TO DO:
Starting with the line below that holds "Colar com pendentes" and stopping after the line that holds "Cycle Syncing is", transcribe the lines exactly, leaving out all pictures.

DATA FOR PROCESSING:
========
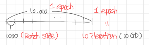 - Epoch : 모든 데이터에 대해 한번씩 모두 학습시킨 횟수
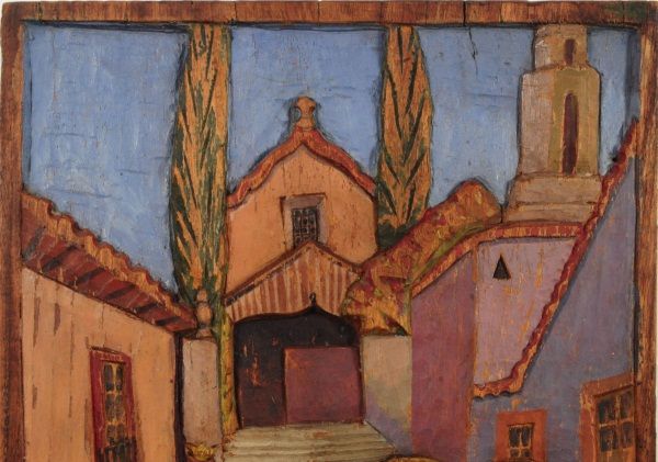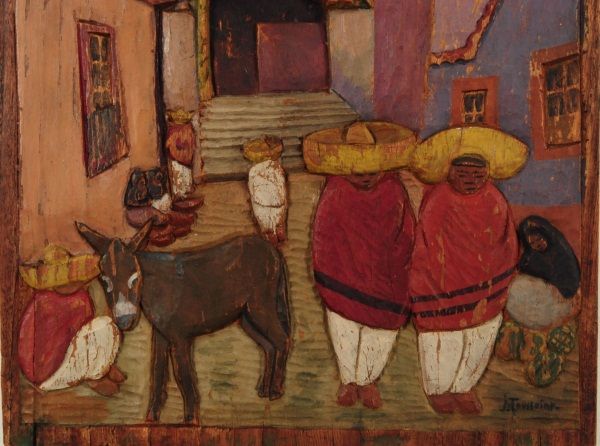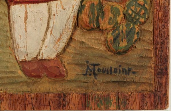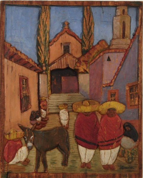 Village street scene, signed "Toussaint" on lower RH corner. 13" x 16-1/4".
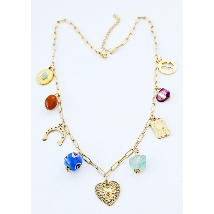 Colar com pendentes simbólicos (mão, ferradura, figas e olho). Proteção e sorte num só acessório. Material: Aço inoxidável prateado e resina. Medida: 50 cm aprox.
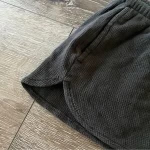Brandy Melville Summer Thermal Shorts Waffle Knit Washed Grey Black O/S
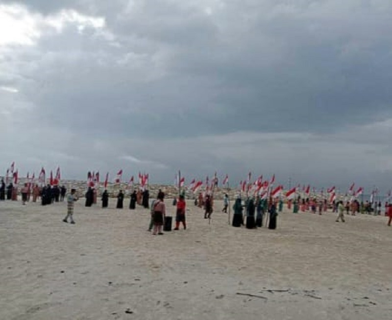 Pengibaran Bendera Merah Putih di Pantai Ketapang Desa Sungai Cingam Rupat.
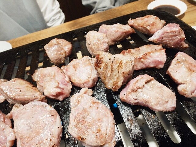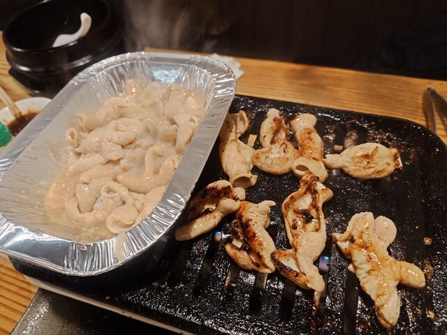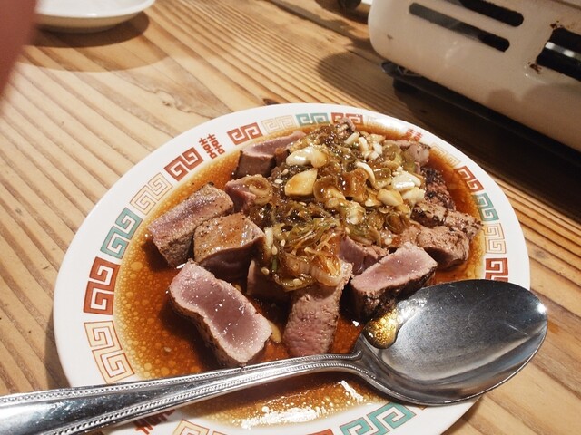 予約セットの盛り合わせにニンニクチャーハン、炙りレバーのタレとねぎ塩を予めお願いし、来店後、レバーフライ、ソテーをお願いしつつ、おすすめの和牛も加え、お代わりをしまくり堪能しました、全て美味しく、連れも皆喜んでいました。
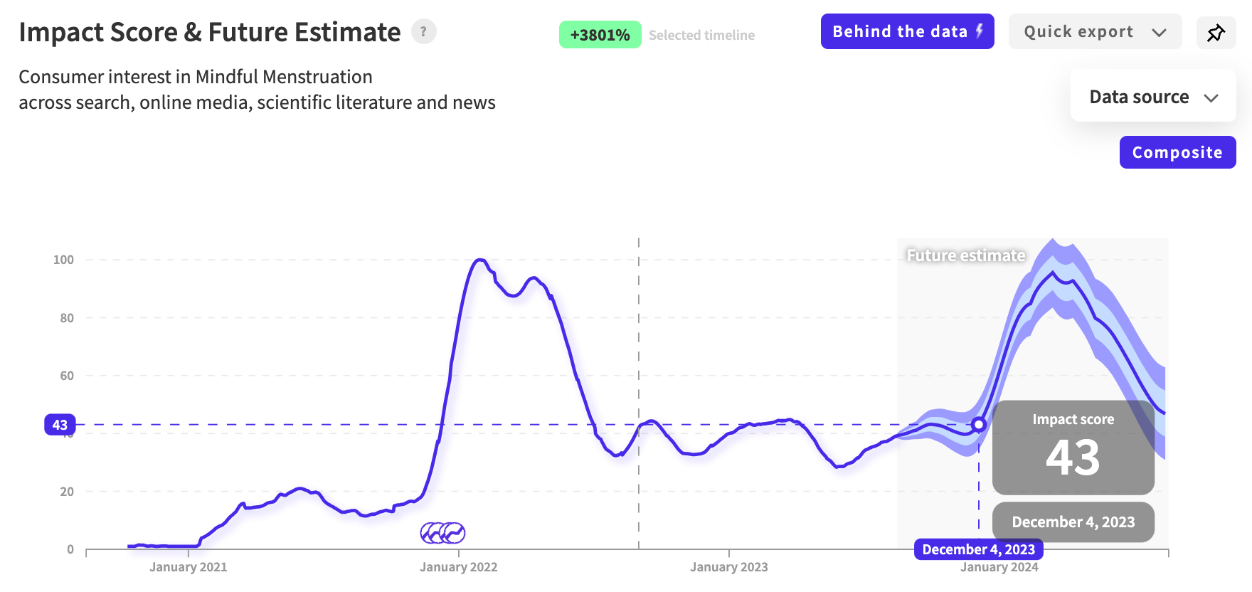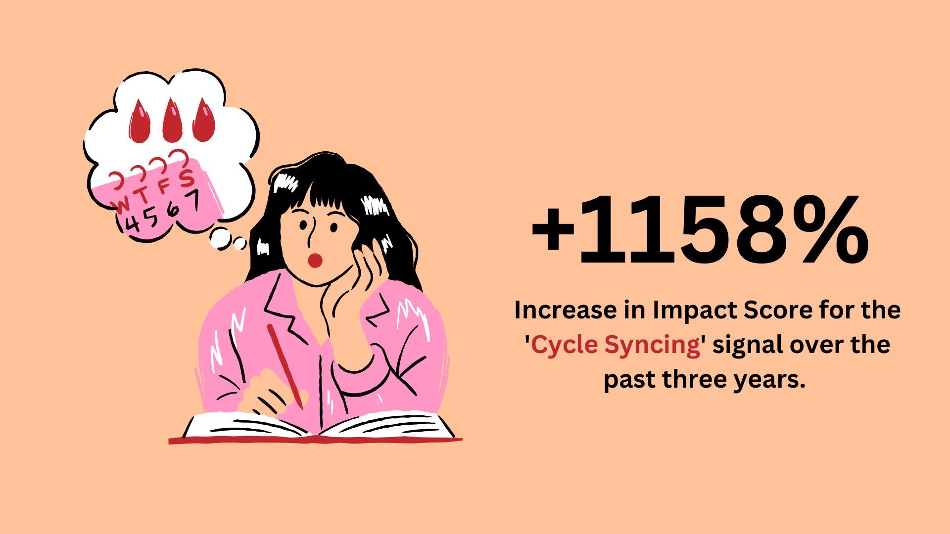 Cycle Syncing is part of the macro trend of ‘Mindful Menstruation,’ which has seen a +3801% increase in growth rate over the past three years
========
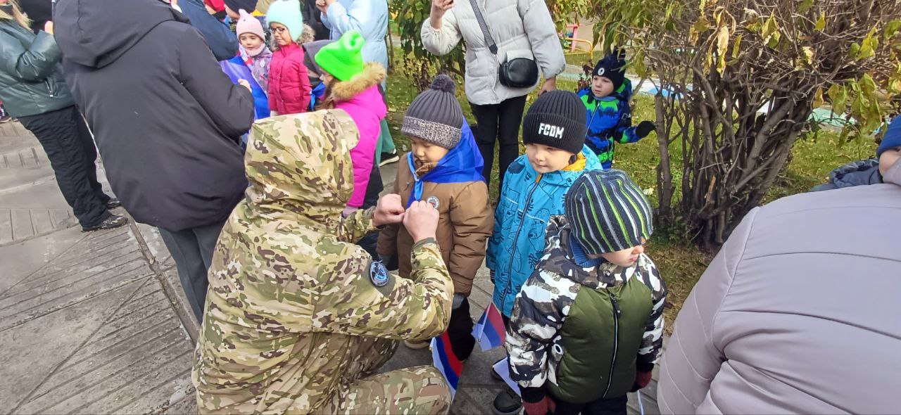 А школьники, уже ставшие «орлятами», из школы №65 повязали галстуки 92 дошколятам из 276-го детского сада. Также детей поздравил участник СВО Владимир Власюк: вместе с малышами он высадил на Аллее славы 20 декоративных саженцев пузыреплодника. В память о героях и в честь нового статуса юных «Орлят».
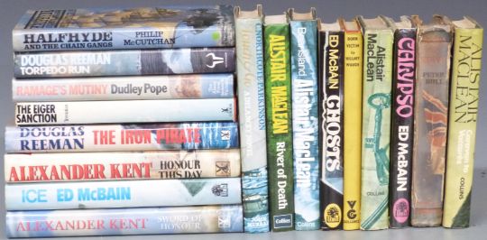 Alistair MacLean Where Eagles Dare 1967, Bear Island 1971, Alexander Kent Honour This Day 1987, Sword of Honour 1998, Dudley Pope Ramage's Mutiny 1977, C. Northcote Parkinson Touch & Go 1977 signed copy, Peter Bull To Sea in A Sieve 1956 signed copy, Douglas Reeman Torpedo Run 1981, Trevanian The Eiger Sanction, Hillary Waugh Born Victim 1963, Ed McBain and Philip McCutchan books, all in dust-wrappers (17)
========
ANSWER BOX:
 Colar com pendentes simbólicos (mão, ferradura, figas e olho). Proteção e sorte num só acessório. Material: Aço inoxidável prateado e resina. Medida: 50 cm aprox.
Brandy Melville Summer Thermal Shorts Waffle Knit Washed Grey Black O/S
 Pengibaran Bendera Merah Putih di Pantai Ketapang Desa Sungai Cingam Rupat.
 予約セットの盛り合わせにニンニクチャーハン、炙りレバーのタレとねぎ塩を予めお願いし、来店後、レバーフライ、ソテーをお願いしつつ、おすすめの和牛も加え、お代わりをしまくり堪能しました、全て美味しく、連れも皆喜んでいました。
 Cycle Syncing is part of the macro trend of ‘Mindful Menstruation,’ which has seen a +3801% increase in growth rate over the past three years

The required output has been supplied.